### WHAT TO DO
What you give must be the lines from the one containing "Questo libro ci" through the last line of the listing below, exactly, with nothing else and no pictures.

### DATA BELOW
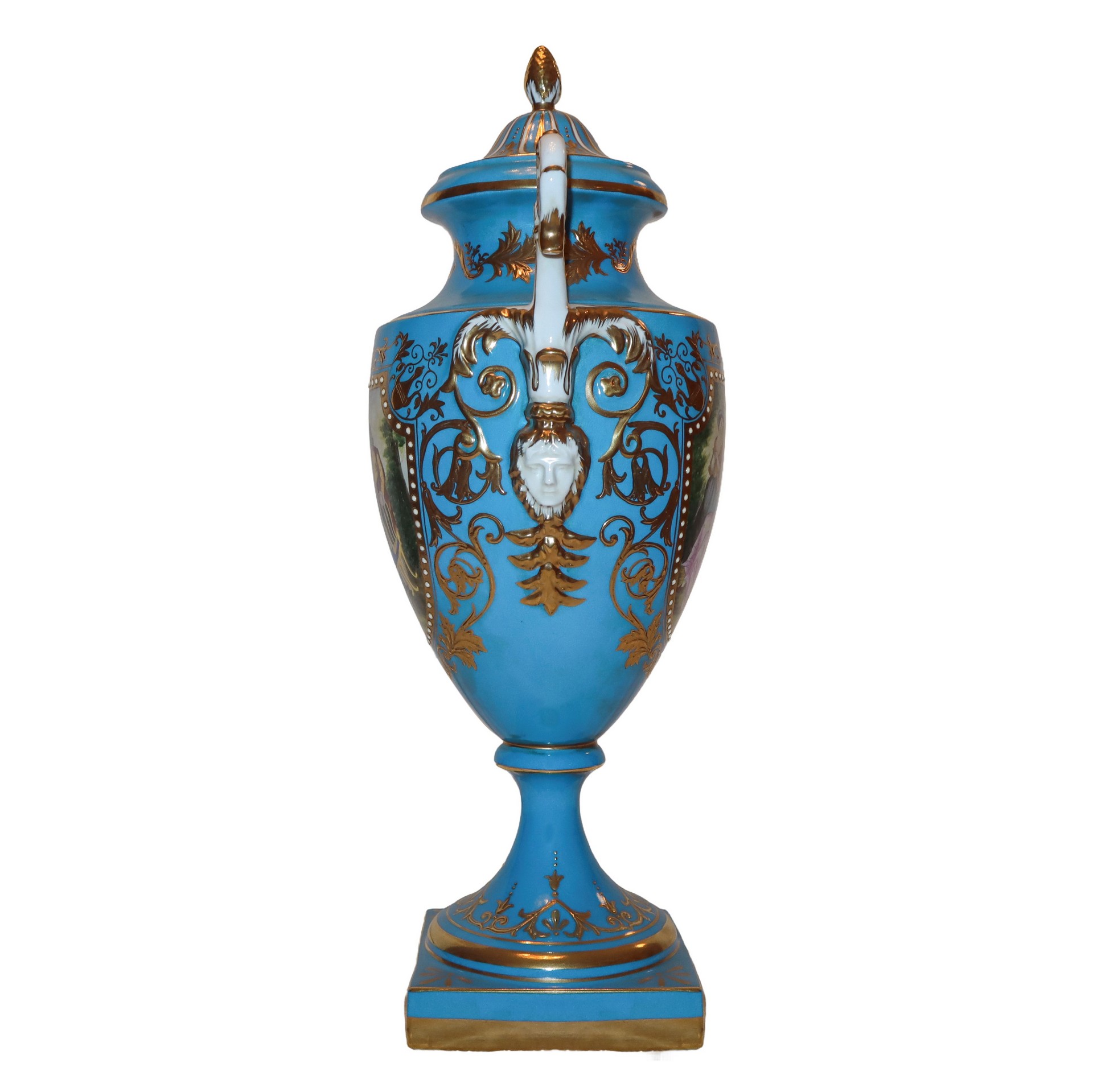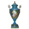 Vaso in porcellana a poutiche con manici , nello stile azzurro di Sevres, 20° secolo H 48 base 13x13 Con fondo azzurro e decori in oro, dipinto fronte e retro con scene di genere. Marchio sulla base
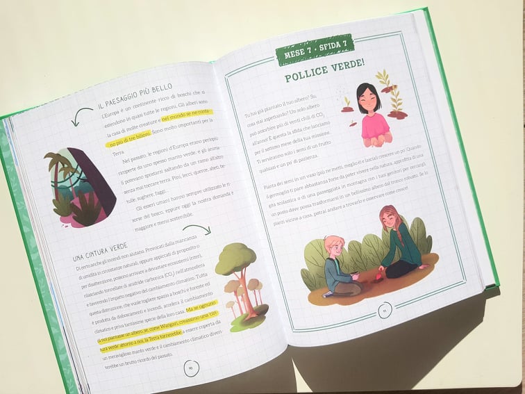 Questo libro ci è piaciuto perché: attraverso “Tu puoi salvare il mondo” i piccoli lettori diventano veri e propri protagonisti grazie alle 12 sfide inserite tra una storie e l’altra. In questo libro, infatti, ci sono i racconti di personaggi famosi e non che hanno fatto la differenza per salvare il Pianeta e alla fine di ogni storia c’è una sfida o un esperimento da compiere, piccoli giochi e attività che sicuramente aiutano i più piccoli a capire come “lavora” la Terra e quanto impatto hanno su di essa le nostre azioni. C’è l’esperimento del ghiaccio, per far capire quanto velocemente si può sciogliere, quello dell’energia per capire come e quante ne consumiamo e quali alternative si potrebbero adottare per risparmiarne un po’, la sfida contro i rifiuti e la plastica … e molti altri ancora! 12 sfide, una al mese, per un interno anno.
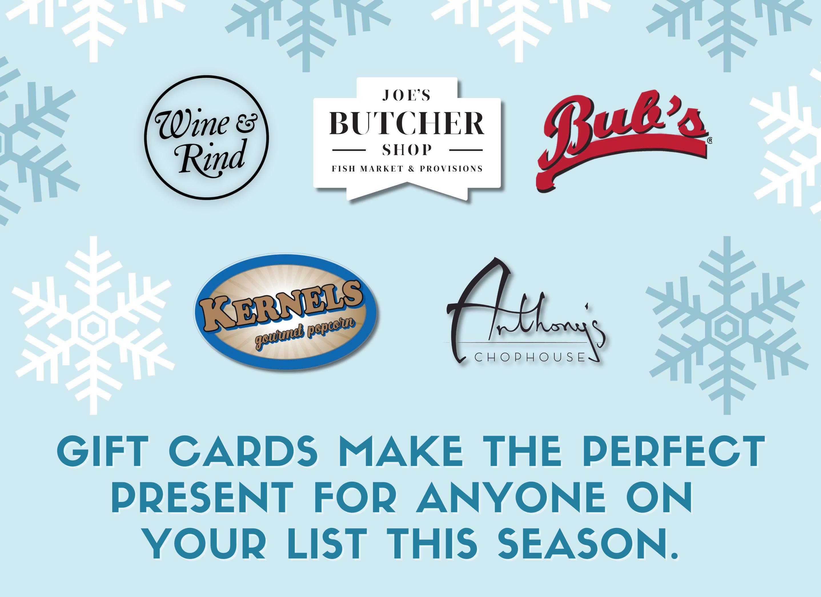 Give the gift of choice this holiday season with a gift card! Many local businesses are offering special deals. Consider a gift card to Indiana State Parks for outdoor adventures or to a local restaurant like Wine & Rind, Joe’s Butcher Shop, Bub’s Burgers, or Anthony’s Chophouse. For a culinary treat, check out Huse Culinary’s gift card offer: a 20 percent bonus on purchases of $125 or more.
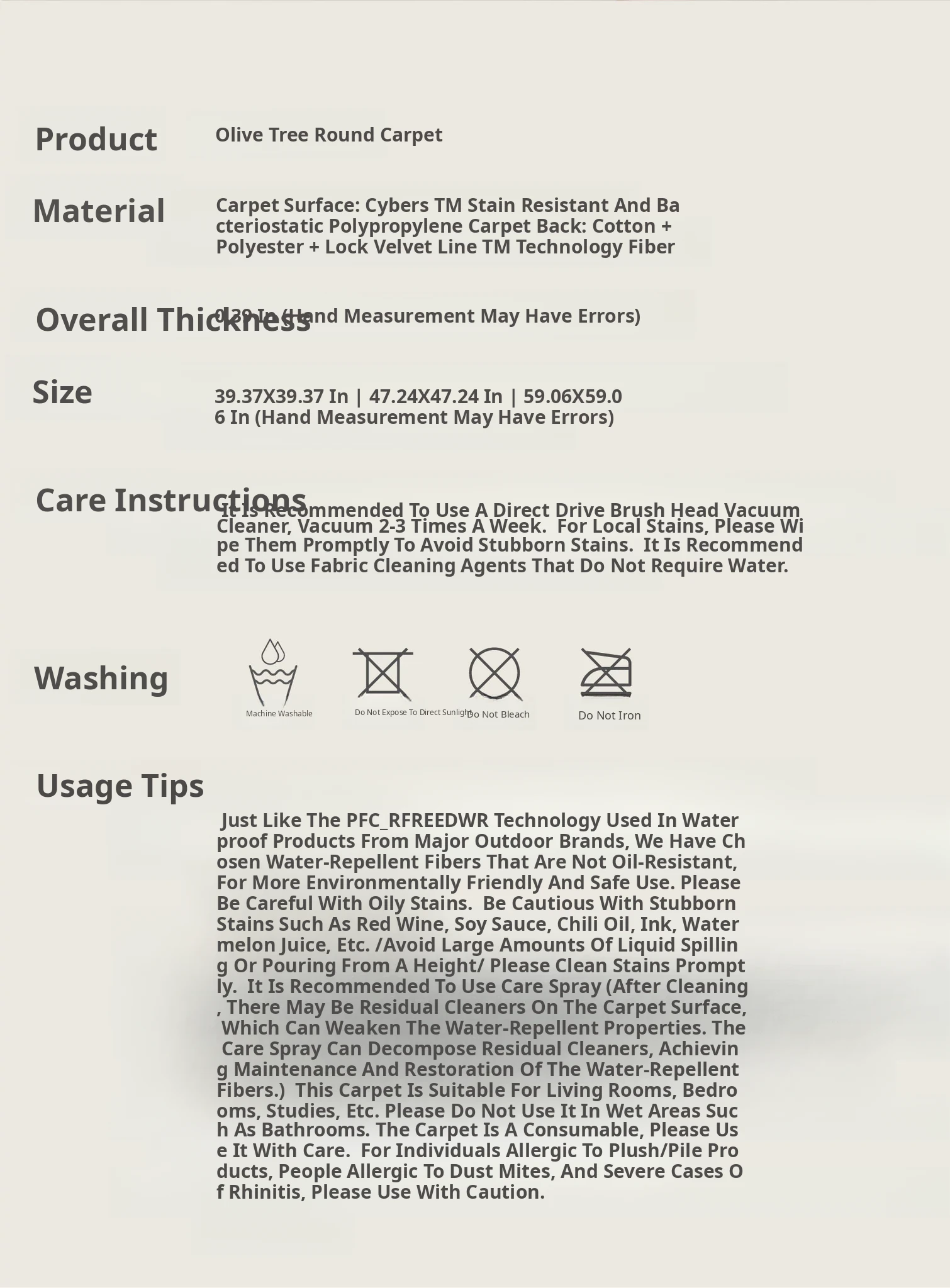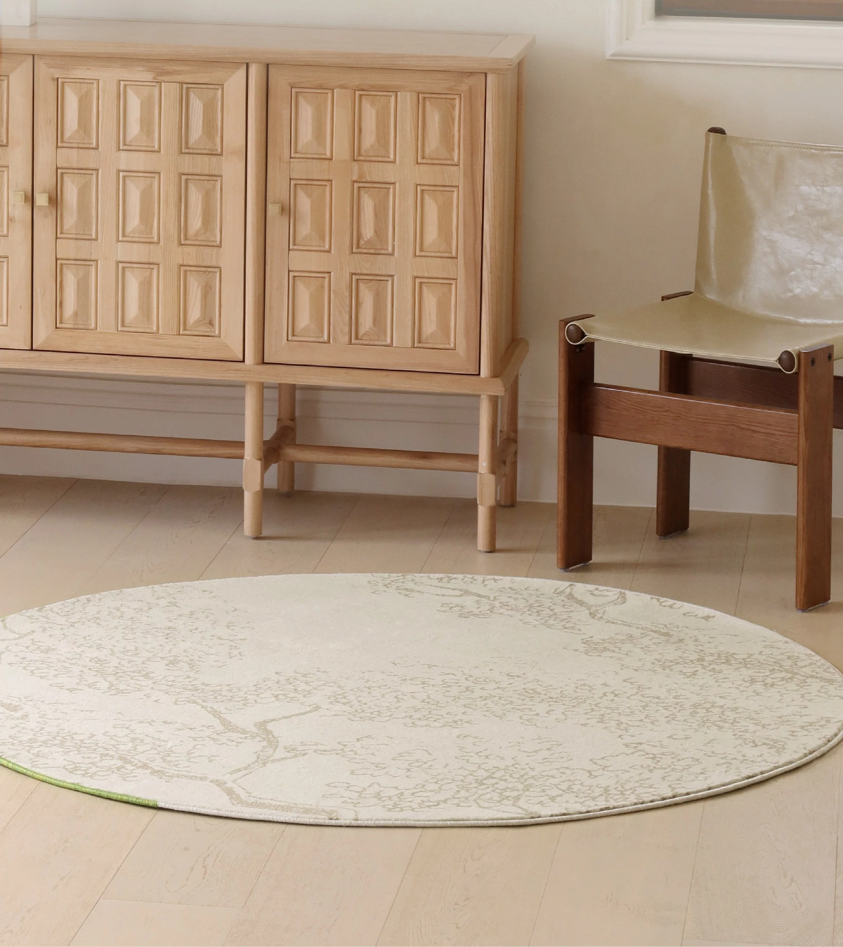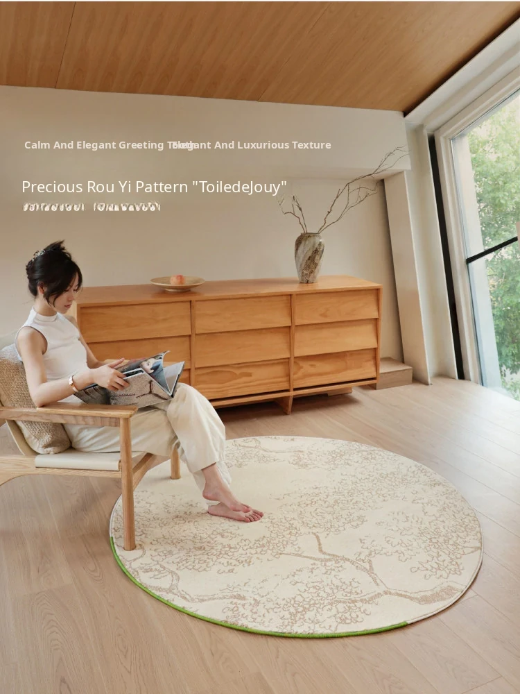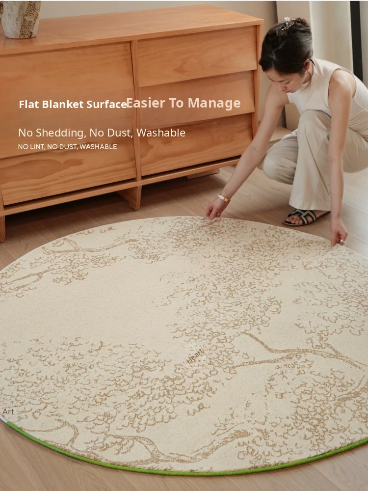 Sybos Waterproof Stain-Resistant Round Carpet - Non-Adhesive, Antimicrobial, Premium Quality for Bedroom, Walk-in Closet, and Bedside - Elevate Your Space with Natural Aesthetics

### TASK RESPONSE
 Questo libro ci è piaciuto perché: attraverso “Tu puoi salvare il mondo” i piccoli lettori diventano veri e propri protagonisti grazie alle 12 sfide inserite tra una storie e l’altra. In questo libro, infatti, ci sono i racconti di personaggi famosi e non che hanno fatto la differenza per salvare il Pianeta e alla fine di ogni storia c’è una sfida o un esperimento da compiere, piccoli giochi e attività che sicuramente aiutano i più piccoli a capire come “lavora” la Terra e quanto impatto hanno su di essa le nostre azioni. C’è l’esperimento del ghiaccio, per far capire quanto velocemente si può sciogliere, quello dell’energia per capire come e quante ne consumiamo e quali alternative si potrebbero adottare per risparmiarne un po’, la sfida contro i rifiuti e la plastica … e molti altri ancora! 12 sfide, una al mese, per un interno anno.
 Give the gift of choice this holiday season with a gift card! Many local businesses are offering special deals. Consider a gift card to Indiana State Parks for outdoor adventures or to a local restaurant like Wine & Rind, Joe’s Butcher Shop, Bub’s Burgers, or Anthony’s Chophouse. For a culinary treat, check out Huse Culinary’s gift card offer: a 20 percent bonus on purchases of $125 or more.
 Sybos Waterproof Stain-Resistant Round Carpet - Non-Adhesive, Antimicrobial, Premium Quality for Bedroom, Walk-in Closet, and Bedside - Elevate Your Space with Natural Aesthetics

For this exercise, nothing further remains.